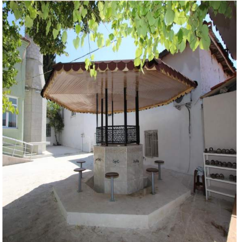
Çamlıyurt Camii'nin Çalışma Sonrası Yeni Hali
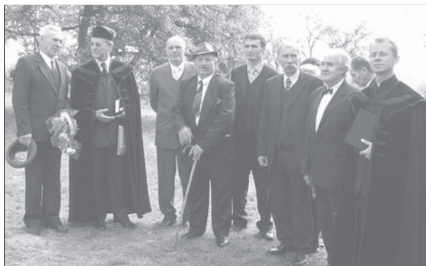
A gyülekezet elöljárói Erdélyi Géza püspökkel

Az ünneplő közösség lelki épülését Erdélyi Géza püspök igehirdetése szolgálta. Nagy Ákos Róbert esperes szintén ígérel bátorított. Beszámolót hallhattunk Pecsók Gyula gondnoktól az eddig
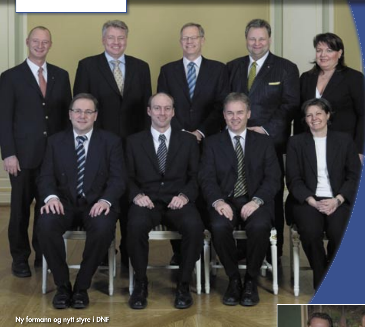
Ny formann og nytt styre i DNF

DNFs medlemsblad nr. 2 - Mars/april 2007 - 56. årgang
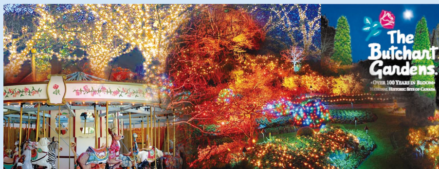
聖誕節期間夜遊寶翠花園一年一度的 " Magic of Christmas " 觀賞聖誕燈飾 （* 只適用於 12 月 1 日 ~ 1 月 6 日期間的行程，集合時間將延後 2 小時）
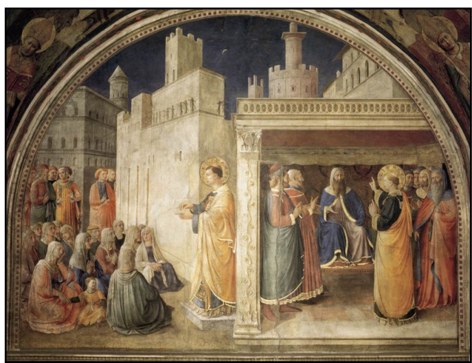
“너희 아버지께서 자비하신 것처럼 너희도 자비로운 사람이 되어라.” 〈루카 6,27-38〉
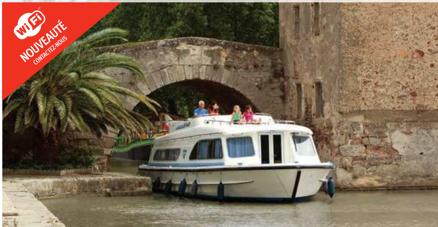
Navigation au Somail
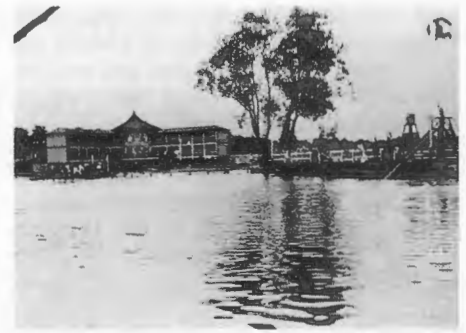
Flußbadeanstalt an der Küddow.
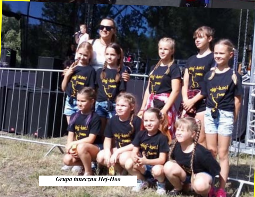
Grupa taneczna Hej-Hoo
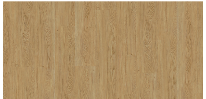
Sockelleiste: EP60 - 2567
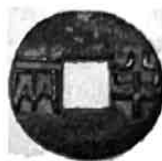
D. 秦朝圆形方孔半两钱

2. 西周时期,“一人跲(踏)耒而耕,不过十亩”,而到了战国时期,“一夫挟五口,治田百亩”。从生产力发展的角度分析,引起这一变化的主要原因是
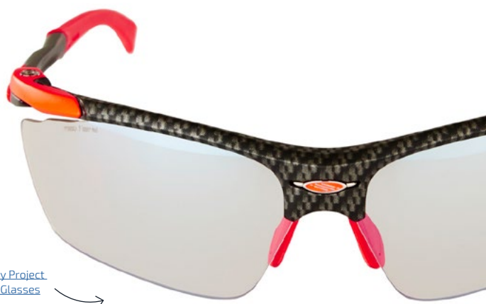
z. B. Rudy Project Proflo Glasses
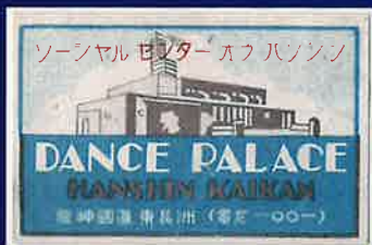
ダンスパレスマッチラベル(所蔵C)

■ ■ ■ ■ ■ ■ ■

**What needs to be done:**
An exact transcription is requested of each line from the one that holds "日期間的行程，集合時間將延後 2 小時）" to the end of the listing above, both boundary lines included; pictures are to be omitted.

**Solution to this problem:**
聖誕節期間夜遊寶翠花園一年一度的 " Magic of Christmas " 觀賞聖誕燈飾 （* 只適用於 12 月 1 日 ~ 1 月 6 日期間的行程，集合時間將延後 2 小時）
“너희 아버지께서 자비하신 것처럼 너희도 자비로운 사람이 되어라.” 〈루카 6,27-38〉
Navigation au Somail
Flußbadeanstalt an der Küddow.
Grupa taneczna Hej-Hoo
Sockelleiste: EP60 - 2567
D. 秦朝圆形方孔半两钱

2. 西周时期,“一人跲(踏)耒而耕,不过十亩”,而到了战国时期,“一夫挟五口,治田百亩”。从生产力发展的角度分析,引起这一变化的主要原因是
z. B. Rudy Project Proflo Glasses
ダンスパレスマッチラベル(所蔵C)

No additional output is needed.